Abstract

The treatment of recurrent ovarian cancer has been based on systemic therapy. The role of secondary cytoreductive surgery has been addressed recently in several trials. Imaging plays a key role in helping the surgical team to decide which patients will have resectable disease and benefit from surgery. The role of staging laparoscopy and several imaging and clinical scores has been extensively debated in the field. In other surgical fields there have been reports of using 3D imaging software and 3D printed models to help surgeons better plan the surgical approach. To the best of our knowledge, we report the first case of a patient with recurrent ovarian cancer undergoing 3D modeling before secondary cytoreductive surgery. The 3D modeling was of most value to evaluate the extension of the disease in our patient who underwent a successful secondary cytoreductive surgery and is currently free of the disease.

Introduction

Ovarian cancer remains one of the most challenging diseases in gynecologic oncology and ~80% of patients with advanced disease will relapse [1–4]. In recurrent ovarian cancer (ROC) the success of cytoreductive surgery is mostly dependent on careful selection of the patients who are eligible for surgery. The survival benefit may depend on selection criteria that include algorithms such as the Arbeitsgemeinschaft Gynakologische Onkologie score, the criteria defined by Chi et al., and the International Model score [2–5].

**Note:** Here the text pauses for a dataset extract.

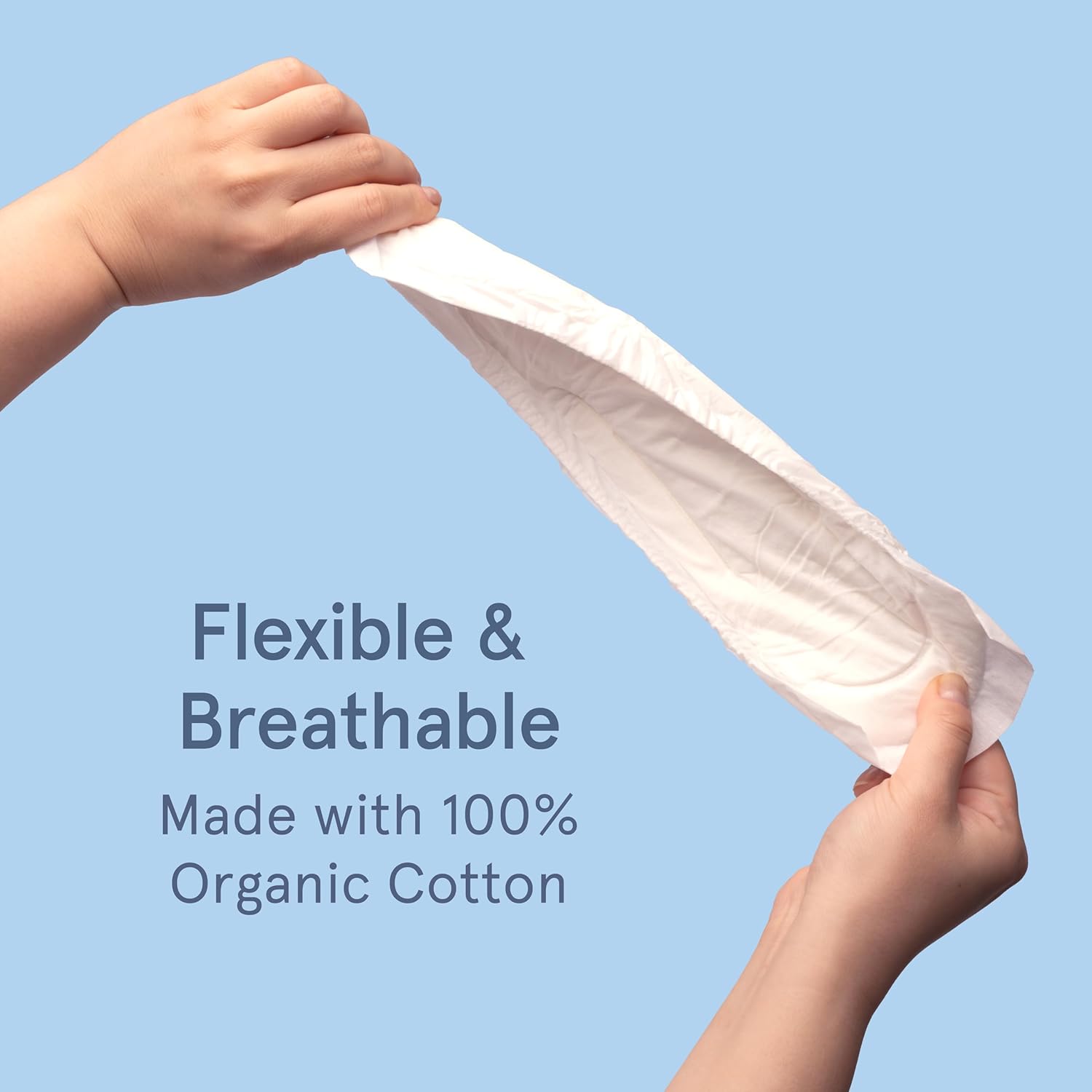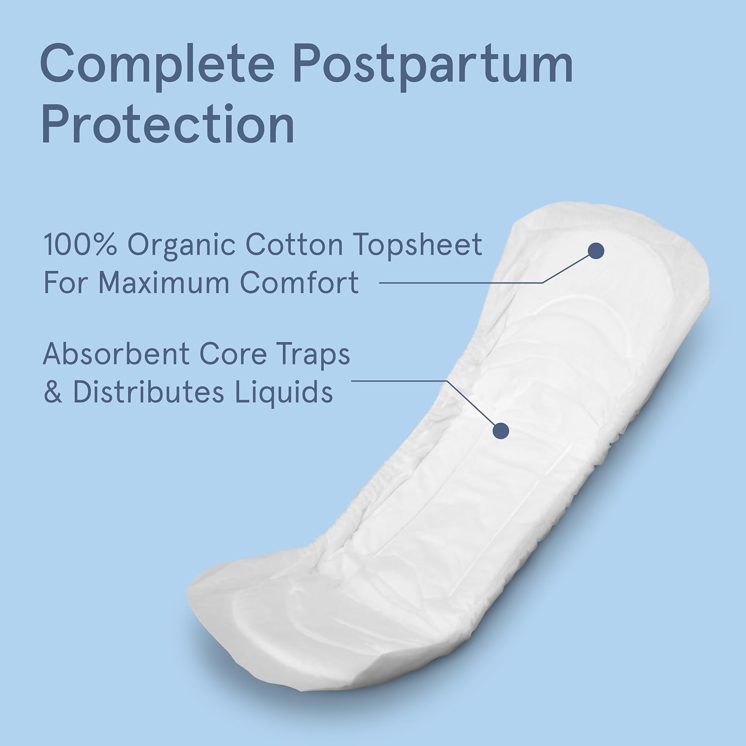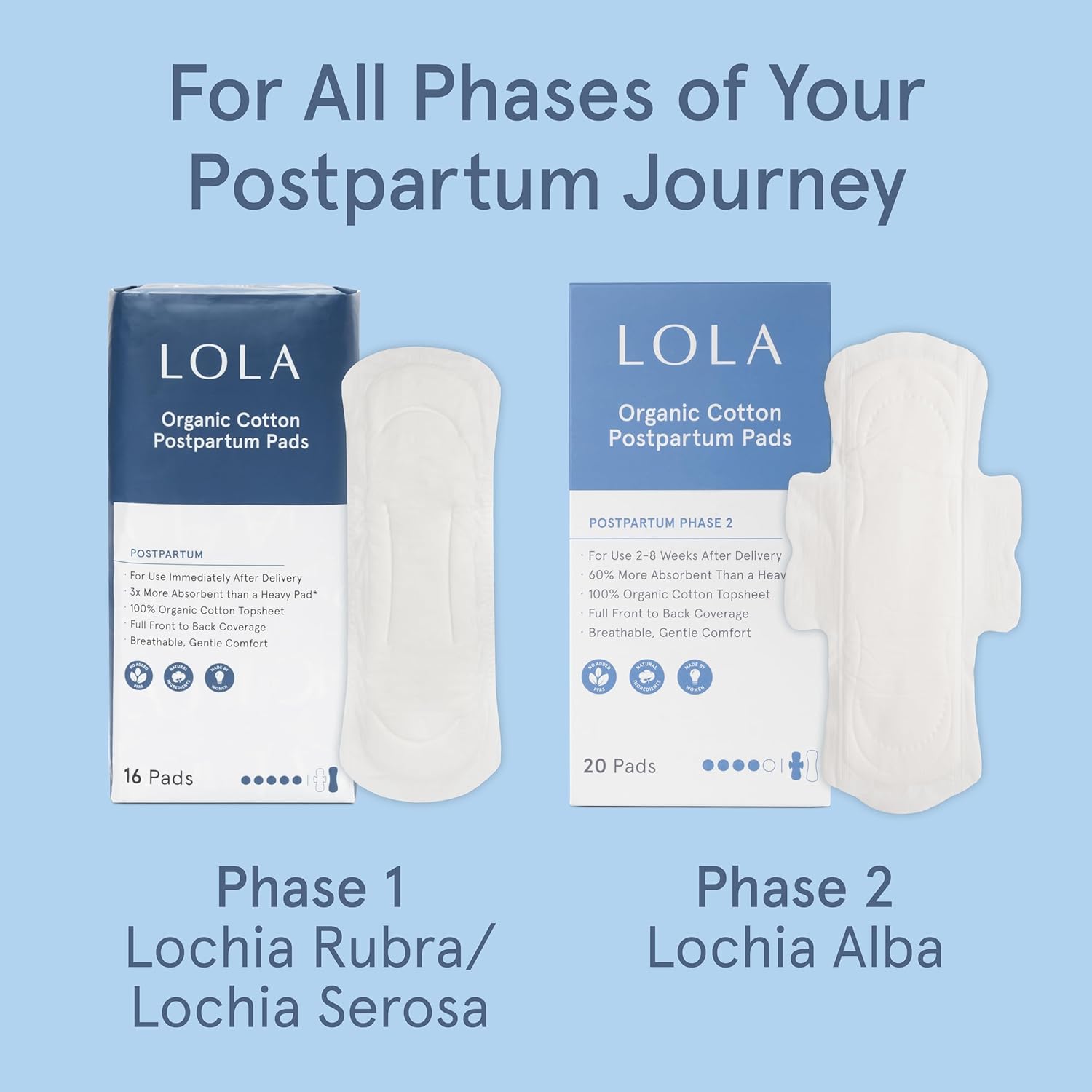 LOLA Organic Cotton Postpartum Pads – Max Absorbency Pads for Postpartum Bleeding – Extra-Long Overnight Liners for Women – Hospital Bag Essentials – 32 Count, Unscented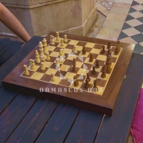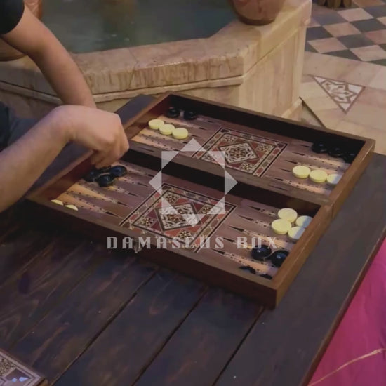 Zewnętrzna część przedstawia klasyczną szachownicę, a wnętrze odsłania piękny damasceński wzór mozaiki — hołd dla wiekowego rzemiosła Syrii.

Imaging has an important role in the evaluation of ROC. Computed tomography (CT) scans, magnetic resonance imaging (MRI), and positron emission tomography can be used and ultimately a diagnostic laparoscopy can be performed [1, 5, 6].

The use of three-dimensional (3D) imaging models has been reported for hepatic and colorectal cancers. The 3D models can be generated from CT scans and MRI scans. [6–11].

The 3D models elaborated by Cella Medical solutions® enabled us to obtain 360° views of the tumor and its relation or infiltration to adjacent organs such as the abdominal and pelvic organs. It is also possible to evaluate the relation between the tumor and the vascular structures and to calculate the disease volume and the peritoneal cancer index (PCI).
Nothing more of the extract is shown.